Personal information
- Full name: Sean Critton Pappas
- Born: 19 February 1966 Phalaborwa, South Africa
- Died: 7 June 2015 (aged 49)
- Height: 1.90 m (6 ft 3 in)
- Sporting nationality: South Africa Greece

Career
- College: University of Arkansas
- Turned professional: 1990
- Former tour(s): Sunshine Tour T. C. Jordan Tour
- Professional wins: 7

Number of wins by tour
- Sunshine Tour: 4
- Other: 3

= Sean Pappas =

South African golfer

Sean Critton Pappas (19 February 1966 – 7 June 2015) was a professional golfer from South Africa.

==Early life==
Pappas was born in Phalaborwa, South Africa. He is the second oldest of four brothers Craigen (born 1959), Deane (born 1967), and Brenden (born 1970).

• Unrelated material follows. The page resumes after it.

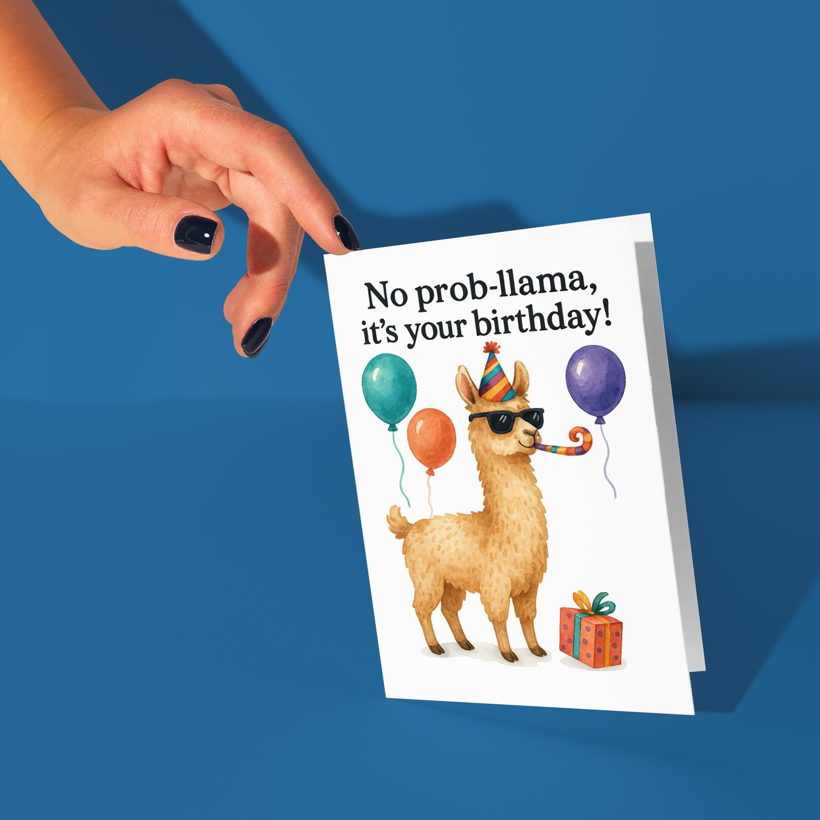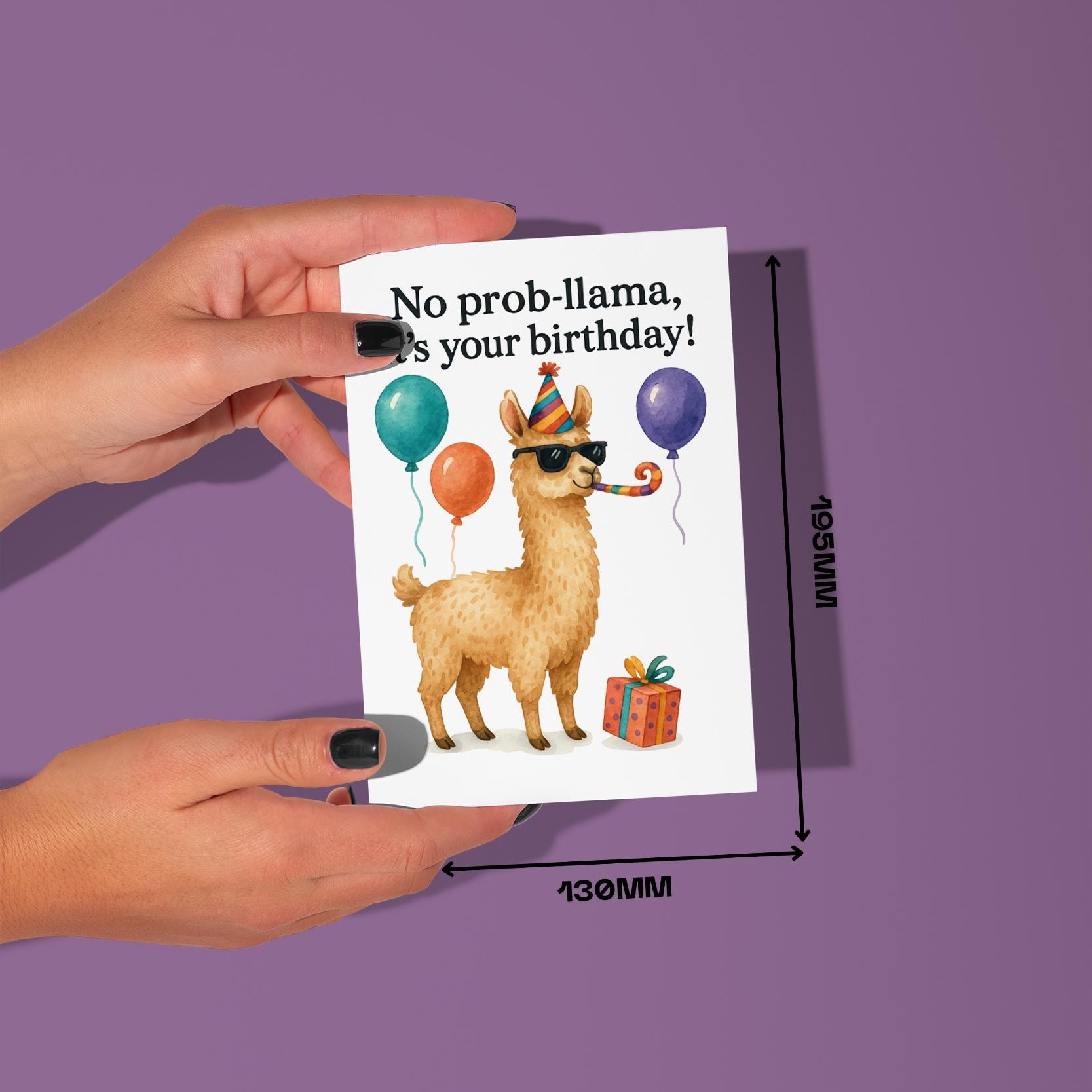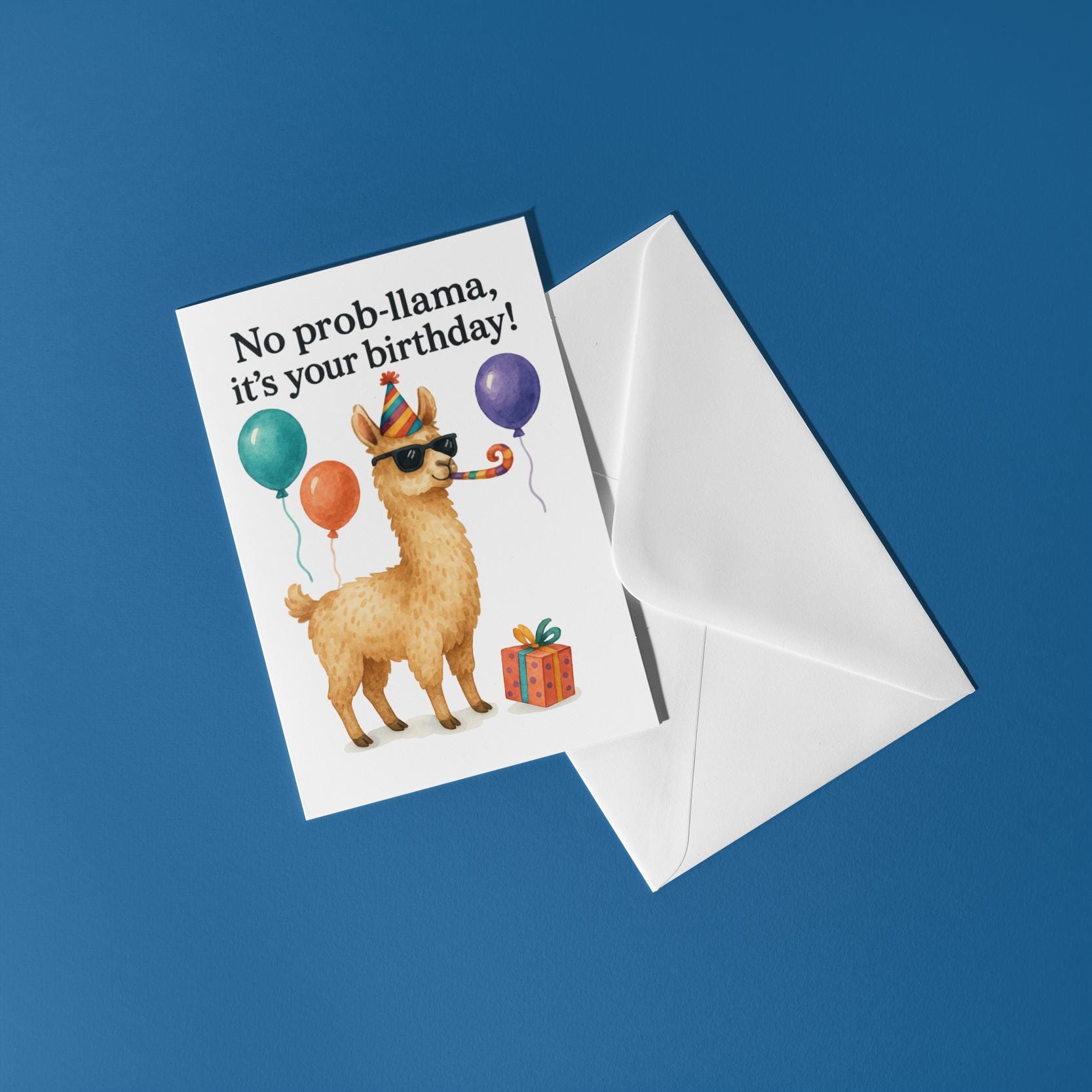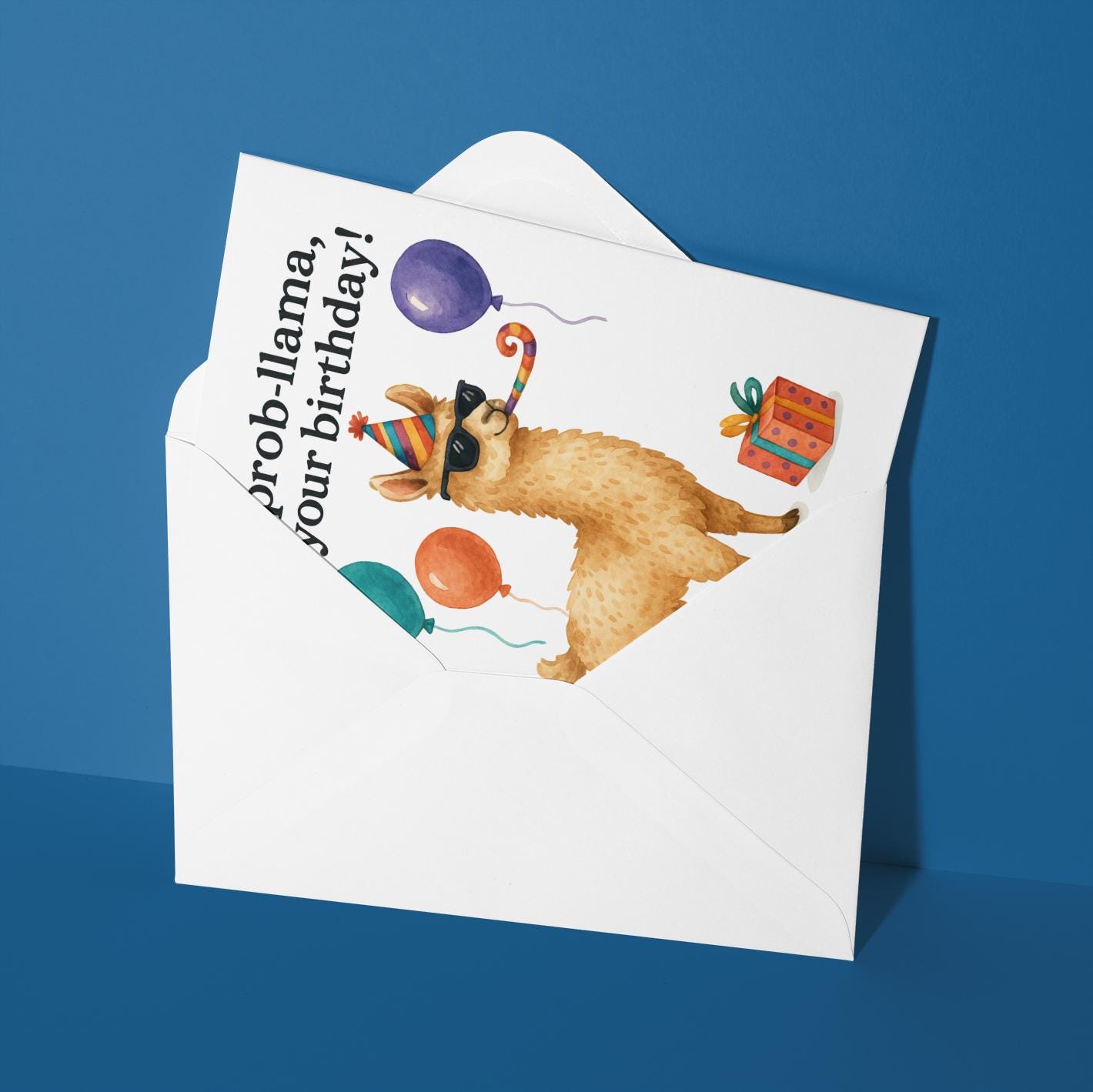 BLANK INTERIOR FOR A PERSONAL TOUCH: Our Party Llama Vibes - No probllama it's your birthday! card and other whimsical designs feature a blank interior, giving you ample space to write a personal message from the heart. Perfect for any occasion, each card comes with a matching white envelope, making it easy to send your unique sentiments to loved ones.

He attended the University of Arkansas from 1984 to 1987, with Deane and Brenden following him there. Deane and Brenden are both professional golfers who have won on the Nationwide Tour and played on the PGA Tour. Sean turned professional in 1990 and stayed in South Africa playing on the Sunshine Tour and teaching.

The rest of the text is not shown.